At the end of 2020, the South African Reserve Bank and SARS initiated the freezing of a fraction of the funds connected to the 1,064 locomotives deal. SARS froze R1.26-billion of an amount initially frozen in 2017 because of doubts about the veracity of the description CRRC recorded for the funds. SARS intervened as an initial freeze by the Reserve Bank on R4.2-billion was about to expire and returned to the CRRC Group. SARS found CRRC companies were paying a fifth of their revenue from Transnet locomotives contracts to Gupta offshore fronts as kickbacks in the form of inflated forex transfers to China from its local subsidiary, CRRC E-Loco Supply. These payments were allegedly recorded by CRRC E-Loco as inflated, tax-deductible costs of sale.
Furthermore, the price of foreign currency was misrepresented by Transnet and CRRC E-Loco to inflate the contract’s costs and thus payments due to CRRC. An order handed down on 8 December 2020 by the North Gauteng High Court has ensured R1.5-billion will remain frozen pending a bank guarantee from CRRC for the same amount to SARS. Thus, a total of R2.8-billion will remain preserved while SARS finalises a tax claim against CRRC.
According to SARS documents, in terms of money actually recovered, only R618-million was returned by CRRC in 2019. This was for the 10% advance Transnet paid to CRRC in 2016, for the R6.18-billion maintenance contract. However, this comparatively meagre figure excludes interest accumulated, value-added tax and the damage caused. To make matters worse, Transnet has yet to charge CRRC penalties for several delays in the delivery of locomotives for the 1,064 deal and the 95 and 100 deals. The Fundudzi report records that outstanding penalties from CSR alone amount to close to R54-million. To date, the SOE has inexplicably failed to collect these penalties.

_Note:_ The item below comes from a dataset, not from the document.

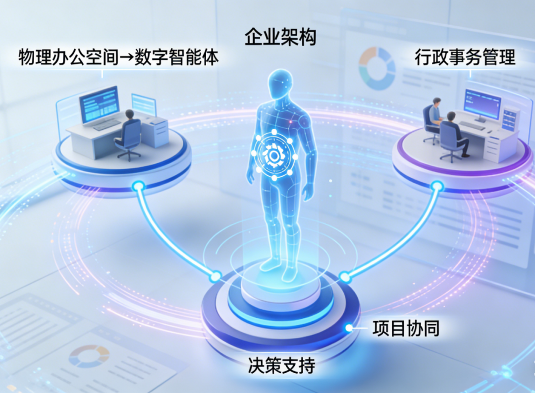 在这个模式下,“企业智能体”不仅将物理办公空间转化为可感知、可分析、可自主优化的数字智能体,更将深入渗透到企业的每一个业务环节,从日常的行政事务管理,到复杂的项目协同与决策支持,都能展现出前所未有的效率。

Currently, there is no public information to suggest the National Prosecuting Authority (NPA) intends holding CRRC to account, and no criminal prosecution has been initiated. This is despite persuasive evidence of wrongdoing and evidence-based submissions by the Organisation Undoing Tax Abuse (OUTA) in June 2019. As it stands, only civil society continues to apply pressure. CRRC’s lack of response to a letter from OUTA, calling for the return of R4.3-billion in known kickbacks, shows the company’s sheer indifference to their reckless engagements in South Africa. Could it be that CRRC knows it has protection from a higher power — the Chinese government in Beijing?
Accountability — on a slow boat to China
It is about seven years since Transnet irregularly awarded CRRC what became a multibillion-rand contract for locomotives. Spending meant to overhaul South African freight rail instead lined the pockets of Gupta-linked postbox firms offering phantom consulting services.
However, State Capture at Transnet didn’t rely on Zuma’s Gupta network alone. The evidence shows that CRRC was a central driver and beneficiary of State Capture in South Africa. With only a few hundred metres separating the presidential residence and the Chinese embassy in Pretoria, it is inexplicable why China has not been given an ultimatum to clean up this mess. Prosecutions should start in China which is bound to do so in terms of the United Nations Convention against Corruption.
If Beijing decides to go soft on its corporations then we need to see far more concerted action from South African authorities. Remedial pursuits such as asset recovery or the SIU contract cancellation bid are only the start. The same applies to the belated efforts of SARS and the Reserve Bank in freezing associated assets.
The Zondo Commission should recommend that the NPA urgently lay criminal charges against all the corporations and individuals implicated in the great Transnet heist. This should be one of the top accountability priorities for the NPA. Advocate Shamila Batohi and her colleagues have a constitutional responsibility to uphold the law, regardless of the consequences in Beijing and beyond.